Kor also underscored the sharp contrast between Allenby’s humble entry into the city on foot and that of Kaiser Wilhelm II’s haughty entry on horseback in 1898.
Prime Minister Benjamin Netanyahu who was out of the country, sent a videotaped message in which he said that at this time Israel recognizes not only the Commander who led the British Army to the gates of Jerusalem but also those brave soldiers from the British, Australian and New Zealand forces who fell in battle as well as those of the Jewish Brigade. All of them were part of a historic mission, he said.
For Jerusalem Mayor Nir Barkat, this was not just another noblesse oblige ceremony. Barkat spent the first ten years of his life in Mahaneh Allenby, a somewhat downtrodden neighborhood in the capital’s East Talpiot, which these days is a luxury neighborhood known as Armon HaNatziv. So for him honoring Allenby’s memory carried a certain degree of personal nostalgia.
Barkat credited Allenby with knowing that Jerusalem was a uniting force for the whole world. “He was an essential part of the city’s history,” said Barkat. “He understood the role of Jerusalem and that religious tolerance and mutual respect were the highest values.
Jerusalem was a small impoverished city when Allenby arrived, he said, but it had begun to change even in Allenby’s lifetime and is currently going through a major, unprecedented renaissance in education, culture, high tech, science, tourism, business and innovation.
When the actor playing Allenby asked Barkat to join him at the microphone, Barkat who spent six years in the IDF completing his service with the rank of Major in the paratroops, saluted him.
The pseudo-Allenby said to him: “A hundred years ago, I received a key to this wonderful city, and I think that after a hundred years, it’s time that I returned it.” He acknowledged that it was a little rusty now, but cautioned the mayor to guard it as it was the only copy.
In actual fact, according to Dr. Nirit Shalev Khalifa, the co-curator of the exhibition ‘A General and a Gentleman – Allenby at the Gates of Jerusalem,’ Allenby was never given the key to the city although reports to the contrary are part of urban legend. Another urban legend relates to the Turkish surrender by Mayor Hussein al Husseini to a couple of British cooks who had gone out to look for eggs.
The British War Cabinet wanted the common man to be a part of the story of British conquest over the Turks. General Sir John Stuart Mackenzie Shea, whose great-grandson John Benson also came from England for the occasion as did the Viscount’s mother Sara, Lady Allenby, gave instructions to Lars Larsson, the photographer from the American Colony, to destroy certain photos because they would not conform with the story.
When the American Colony curator later went to Sweden to explore Larsson’s archives she discovered that the surrender had actually been made to army officers with the rank of major, but that didn’t gel with the British narrative.
Taking journalists around the exhibition before the ceremony Khalifa said: “You can win a war, but it means nothing if you lose the historical memory.”
She acknowledged that the historical memory and its narrative can mean different things to different people. The aftermath of a war can, for instance, be perceived as conquest, occupation or liberation, she said.
What made her particularly excited about this exhibition was that for the first time, the venue itself was part of the artifacts in that the historic proclamation had taken place on the steps of the Tower of David.
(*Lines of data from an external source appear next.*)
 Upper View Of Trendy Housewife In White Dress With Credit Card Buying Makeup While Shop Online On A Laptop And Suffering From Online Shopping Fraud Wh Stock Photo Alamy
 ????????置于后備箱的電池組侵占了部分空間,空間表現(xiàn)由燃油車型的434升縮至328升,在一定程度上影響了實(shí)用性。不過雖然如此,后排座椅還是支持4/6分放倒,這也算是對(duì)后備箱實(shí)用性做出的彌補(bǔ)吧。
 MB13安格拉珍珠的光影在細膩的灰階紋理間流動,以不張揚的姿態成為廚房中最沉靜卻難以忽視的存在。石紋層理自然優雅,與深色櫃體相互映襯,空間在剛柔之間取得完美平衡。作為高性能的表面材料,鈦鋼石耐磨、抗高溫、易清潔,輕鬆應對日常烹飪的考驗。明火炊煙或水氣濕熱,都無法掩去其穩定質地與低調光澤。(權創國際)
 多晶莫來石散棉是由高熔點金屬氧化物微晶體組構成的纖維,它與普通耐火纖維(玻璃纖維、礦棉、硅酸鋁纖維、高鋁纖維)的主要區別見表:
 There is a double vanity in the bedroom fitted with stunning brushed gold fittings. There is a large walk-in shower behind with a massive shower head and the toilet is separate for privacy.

Eilat Lieber, director and chief curator of the Tower of David Museum said that sometimes it is very frustrating for curators and scholars to find information about the past, “but when we talk about a hundred years in Jerusalem, it’s like yesterday.”
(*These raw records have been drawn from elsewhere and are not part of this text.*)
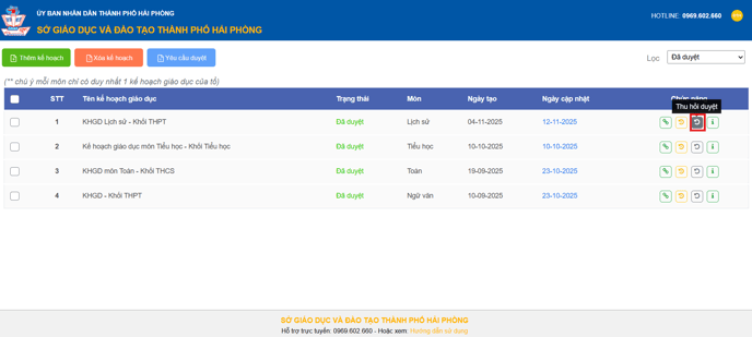 - Sau khi kế hoạch giáo dục của tổ chuyên môn được duyệt bởi Ban giám hiệu, để chỉnh sửa kế hoạch giáo dục nhưng không thay đổi phân phối chương trình của tổ bộ môn, Giáo viên Trưởng bộ môn cần xin thu hồi duyệt để được chỉnh sửa và cập nhật.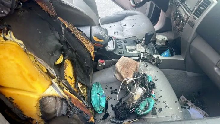 Cuando salieron se percataron que rompieron uno de los vidrios de la camioneta propiedad de la comunicadora y utilizaron botellas llenas de gasolina para incendiar parte del vehículo.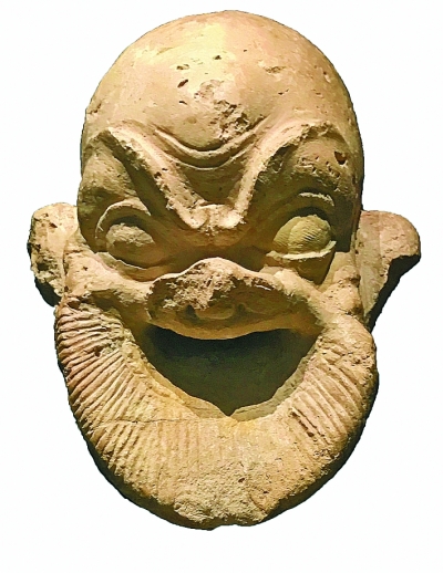 阿伊哈努姆遺址出土的面具型噴水口造型源自古希臘喜劇演出的假面具。本報(bào)記者 吳瀟怡攝/光明圖片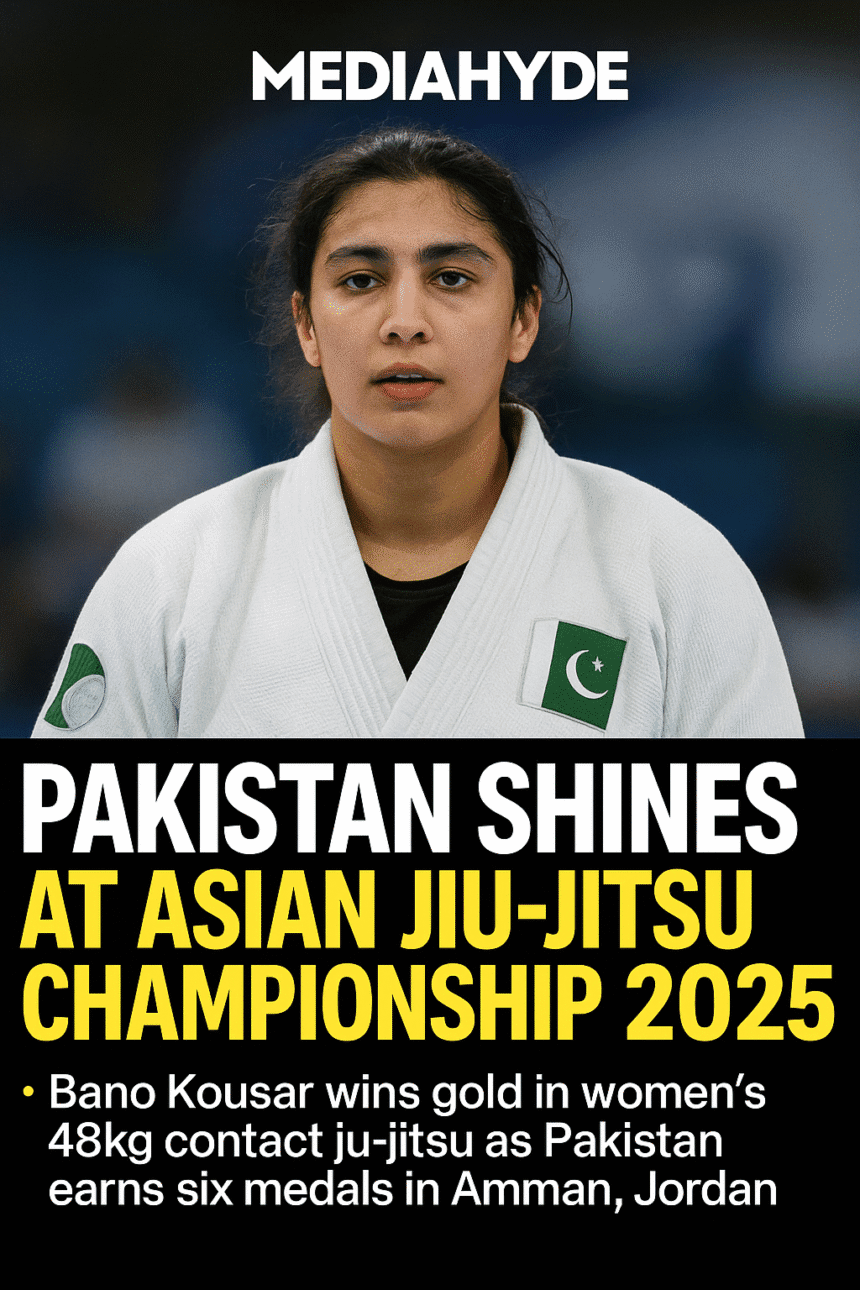 Pakistan’s athletes delivered a remarkable performance at the Asian Jiu-Jitsu Championship 2025 held in Amman, Jordan. Star competitor Bano Kousar won the gold medal in the women’s 48kg contact ju-jitsu category, making history for Pakistan on the continental stage.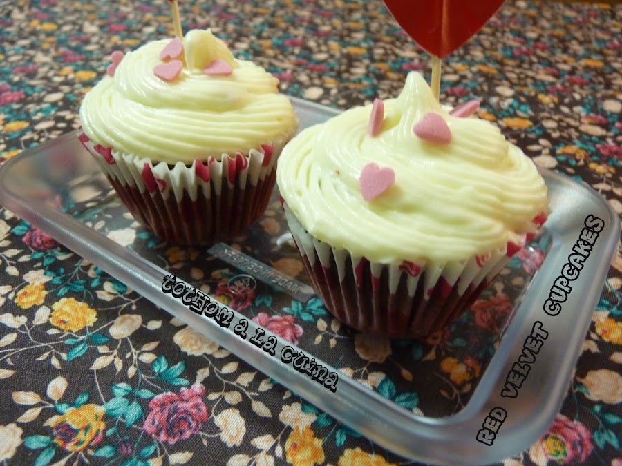 Es la primera vez que hago cupcakes. Me pilló en "pana" como se suele decir. No tenía red velvet, ainsssss menos mal que pude conseguirlo sin problemas, contando que donde vivo en la única tienda que hay de repostería no tenía. No tengo robot de esos tan "bonitos" para hacer la buttercream, lo hice con una batidora de varillas normales y tercer problema, la manga pastelera y la boquilla, quizás no es la más apropiada.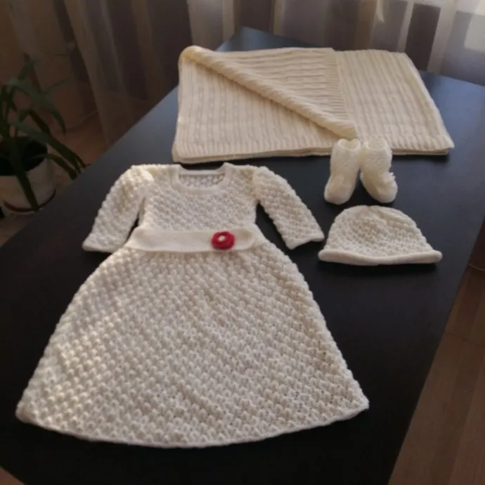 Крестильное платье для моей маленькой принцессы (внученьки) выполнено спицами из тонкой микрофибры (очень мягкой и нежной на ощупь). Пряжа произведена в Турции - Alize diva baby. Поясок украшен цветком (связан крючком). В комплект к нему связаны шляпка и пинетки. И завершает комплект плед, связанный из хлопка.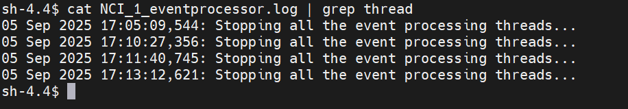 Verizon operates with two NCI server nodes: noi-nciserver-0 (primary) and noi-nciserver-1 (secondary). At times,the primary node’s thread count can reach up to 200, which is currently monitored through the eventprocessor.log. Since load balancing is distributed across both nodes, it is equally important to monitor the thread count of the secondary node. However, this is not currently possible because the eventprocessor.log is not enabled on noi-nciserver-1 shown in the screenshot attached. Verizon has requested the capability to monitor the thread count on the secondary node to enable proactive scaling based on workload.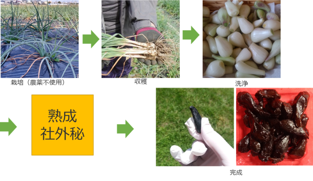 らっきょうを収穫した後に、根っこを切り取って1粒1粒丁寧に洗浄していきます。熟成するとかなりの水分が出ますので、ギュッと濃縮した黒らっきょうが出来上がります。熟成工程で『らっきょう』の味がとても濃ゆくなります。

Although Lady Allenby had visited Israel many times with her late husband, this was an initial adventure both for her son and for John Benson who each confessed to being excited and overwhelmed by the warmth of the hospitality they had received.
Though neither makes a big deal of being related to people who turned the tide of history, they are proud to be members of their respective families.